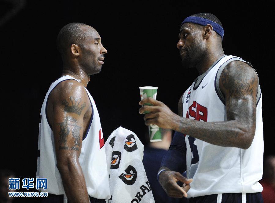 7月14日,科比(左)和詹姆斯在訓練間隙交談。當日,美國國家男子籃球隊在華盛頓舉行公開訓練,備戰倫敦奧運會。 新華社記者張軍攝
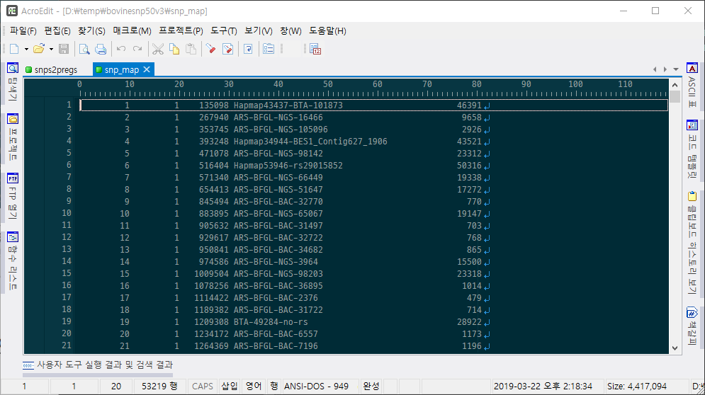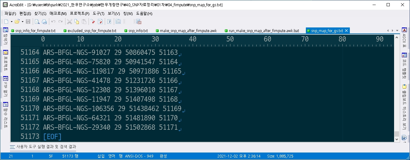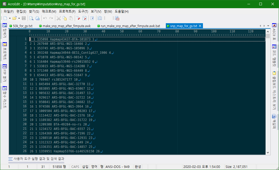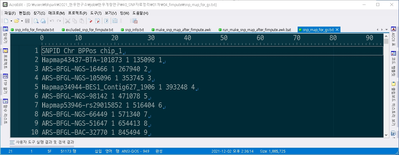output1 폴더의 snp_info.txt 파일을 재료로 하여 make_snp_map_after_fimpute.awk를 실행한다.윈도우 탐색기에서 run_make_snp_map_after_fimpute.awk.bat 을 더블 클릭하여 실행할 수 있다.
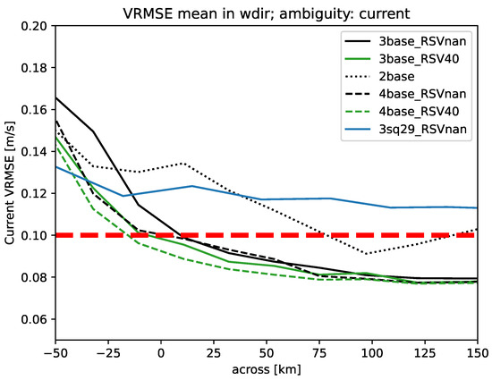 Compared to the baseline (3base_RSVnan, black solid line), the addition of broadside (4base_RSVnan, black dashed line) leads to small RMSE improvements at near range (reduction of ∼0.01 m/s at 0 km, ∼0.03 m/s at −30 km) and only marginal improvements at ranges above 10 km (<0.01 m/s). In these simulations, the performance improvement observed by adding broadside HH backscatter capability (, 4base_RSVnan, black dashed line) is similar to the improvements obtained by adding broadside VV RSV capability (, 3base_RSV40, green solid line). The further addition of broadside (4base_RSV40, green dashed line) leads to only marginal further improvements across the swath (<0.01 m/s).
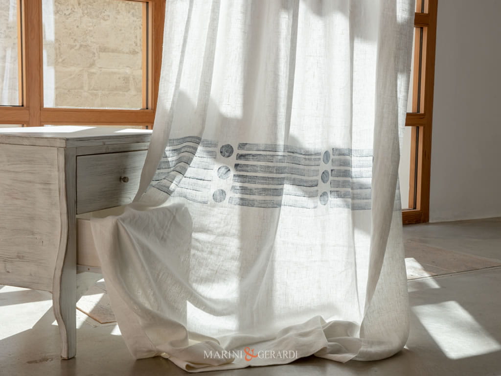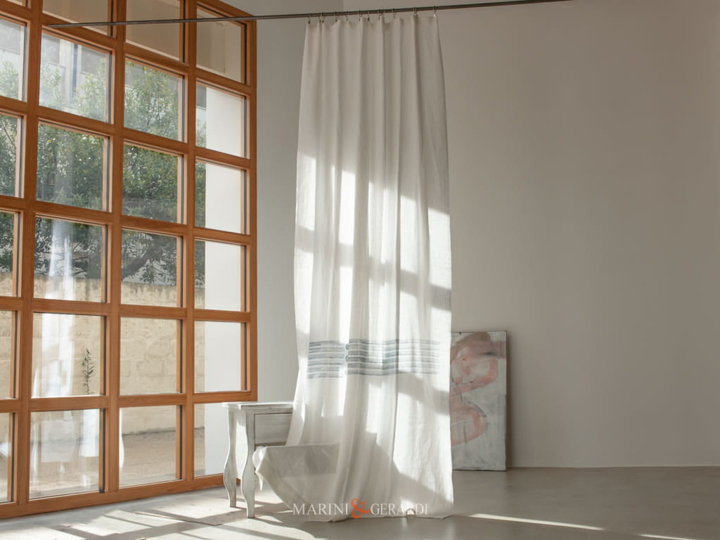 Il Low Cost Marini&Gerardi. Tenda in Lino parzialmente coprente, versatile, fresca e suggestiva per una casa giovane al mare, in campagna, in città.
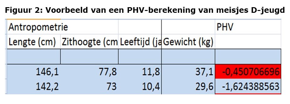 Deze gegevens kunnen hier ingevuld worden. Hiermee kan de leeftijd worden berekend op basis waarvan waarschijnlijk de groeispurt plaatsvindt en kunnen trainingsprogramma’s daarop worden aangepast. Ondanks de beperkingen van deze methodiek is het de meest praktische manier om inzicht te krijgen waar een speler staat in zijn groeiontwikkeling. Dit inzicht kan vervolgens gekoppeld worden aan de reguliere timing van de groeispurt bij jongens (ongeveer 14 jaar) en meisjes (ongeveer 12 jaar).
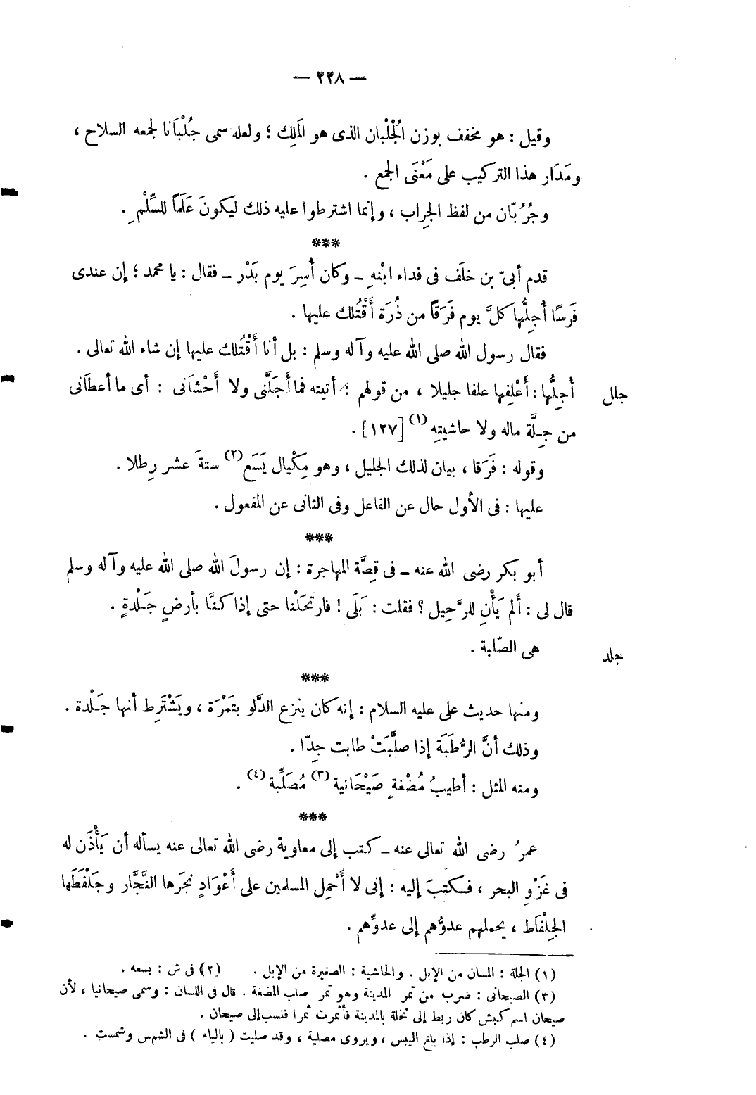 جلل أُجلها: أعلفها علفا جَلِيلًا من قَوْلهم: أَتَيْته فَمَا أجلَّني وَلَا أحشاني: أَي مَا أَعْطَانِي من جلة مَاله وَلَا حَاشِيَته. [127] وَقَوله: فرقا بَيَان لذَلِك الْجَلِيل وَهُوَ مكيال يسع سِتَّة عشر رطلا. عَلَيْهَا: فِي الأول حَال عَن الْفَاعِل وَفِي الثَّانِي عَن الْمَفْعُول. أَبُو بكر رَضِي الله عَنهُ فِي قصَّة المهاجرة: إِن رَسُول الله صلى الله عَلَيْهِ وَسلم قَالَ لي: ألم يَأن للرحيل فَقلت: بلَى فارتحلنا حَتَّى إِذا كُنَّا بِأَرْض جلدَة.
|---|
**What to produce**. Restate each line above exactly, keeping pictures out.

**Solution for this task**.
 7月14日,科比(左)和詹姆斯在訓練間隙交談。當日,美國國家男子籃球隊在華盛頓舉行公開訓練,備戰倫敦奧運會。 新華社記者張軍攝
output1 폴더의 snp_info.txt 파일을 재료로 하여 make_snp_map_after_fimpute.awk를 실행한다.윈도우 탐색기에서 run_make_snp_map_after_fimpute.awk.bat 을 더블 클릭하여 실행할 수 있다.
 Compared to the baseline (3base_RSVnan, black solid line), the addition of broadside (4base_RSVnan, black dashed line) leads to small RMSE improvements at near range (reduction of ∼0.01 m/s at 0 km, ∼0.03 m/s at −30 km) and only marginal improvements at ranges above 10 km (<0.01 m/s). In these simulations, the performance improvement observed by adding broadside HH backscatter capability (, 4base_RSVnan, black dashed line) is similar to the improvements obtained by adding broadside VV RSV capability (, 3base_RSV40, green solid line). The further addition of broadside (4base_RSV40, green dashed line) leads to only marginal further improvements across the swath (<0.01 m/s).
 Il Low Cost Marini&Gerardi. Tenda in Lino parzialmente coprente, versatile, fresca e suggestiva per una casa giovane al mare, in campagna, in città.
 Deze gegevens kunnen hier ingevuld worden. Hiermee kan de leeftijd worden berekend op basis waarvan waarschijnlijk de groeispurt plaatsvindt en kunnen trainingsprogramma’s daarop worden aangepast. Ondanks de beperkingen van deze methodiek is het de meest praktische manier om inzicht te krijgen waar een speler staat in zijn groeiontwikkeling. Dit inzicht kan vervolgens gekoppeld worden aan de reguliere timing van de groeispurt bij jongens (ongeveer 14 jaar) en meisjes (ongeveer 12 jaar).
 جلل أُجلها: أعلفها علفا جَلِيلًا من قَوْلهم: أَتَيْته فَمَا أجلَّني وَلَا أحشاني: أَي مَا أَعْطَانِي من جلة مَاله وَلَا حَاشِيَته. [127] وَقَوله: فرقا بَيَان لذَلِك الْجَلِيل وَهُوَ مكيال يسع سِتَّة عشر رطلا. عَلَيْهَا: فِي الأول حَال عَن الْفَاعِل وَفِي الثَّانِي عَن الْمَفْعُول. أَبُو بكر رَضِي الله عَنهُ فِي قصَّة المهاجرة: إِن رَسُول الله صلى الله عَلَيْهِ وَسلم قَالَ لي: ألم يَأن للرحيل فَقلت: بلَى فارتحلنا حَتَّى إِذا كُنَّا بِأَرْض جلدَة.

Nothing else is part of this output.